Hi and Welcome Hysteria!
Thanks for introducing yourself. I understand what you mean about possibly liking the depressive state. I think that of myself sometimes, but have come to realize that mine is just what I view as "normal" for me. It's what I know. I become truly afraid without some of it, although when I get really bad I know it's not normal and it's controlling my life. Sometimes I think of myself as being the "Queen of Saddness". Unfortunately I do not feel the least bit creative or talented so even that couldn't be why I stay here - I think it's just what I know and I somehow equate that with safety, sick, I know.
Maybe since you feel creative maybe you do have the ability to use yours for some good.
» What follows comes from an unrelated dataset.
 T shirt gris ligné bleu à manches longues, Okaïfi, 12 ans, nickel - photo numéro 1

I've read things that depressed people have written, sung, etc. and they are very deep and touching. But it's only in the saddest of terms that they are that, and I identify all too well. Negative thinking is an awful demon to have to put up with. Mine is relentless and I want him to go away!!!
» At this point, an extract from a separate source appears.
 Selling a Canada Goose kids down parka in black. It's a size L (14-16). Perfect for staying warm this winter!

I'm sorry your running has been taken for now. Is there another form of exercise you could do to help with your mood? I'm going on vacation tomorrow-away from the gym and it's a pretty big fear for me (sounds childish) it's been that big of a help. I'm going to have to find something I can do while there so I'm not a bundle of emotion. I hope you are able to find something too.
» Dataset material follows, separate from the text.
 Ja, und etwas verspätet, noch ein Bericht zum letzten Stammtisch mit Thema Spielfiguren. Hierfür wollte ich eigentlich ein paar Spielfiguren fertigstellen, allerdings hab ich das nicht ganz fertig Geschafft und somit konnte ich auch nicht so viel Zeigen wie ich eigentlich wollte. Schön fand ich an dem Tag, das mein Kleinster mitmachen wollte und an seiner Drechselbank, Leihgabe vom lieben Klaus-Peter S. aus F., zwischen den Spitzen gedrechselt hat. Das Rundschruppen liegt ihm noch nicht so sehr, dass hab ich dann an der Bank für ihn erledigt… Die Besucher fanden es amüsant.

As far a CBT goes, I was skeptical also when I came here, it's not quick, but it is helping. The support group is what makes it for me. It's a place to vent, get advice and adjust my way of thinking, but the real help is knowing you're not alone, that you're not the "only one in the boat". I keep writing that there's a lot of support on this site and it's true. Please feel free to reach out, there's really great people here. People who can relate or who have "been there" and have insight. It's a terrific tool.
And so Hysteria, welcome again. May you find what you seek.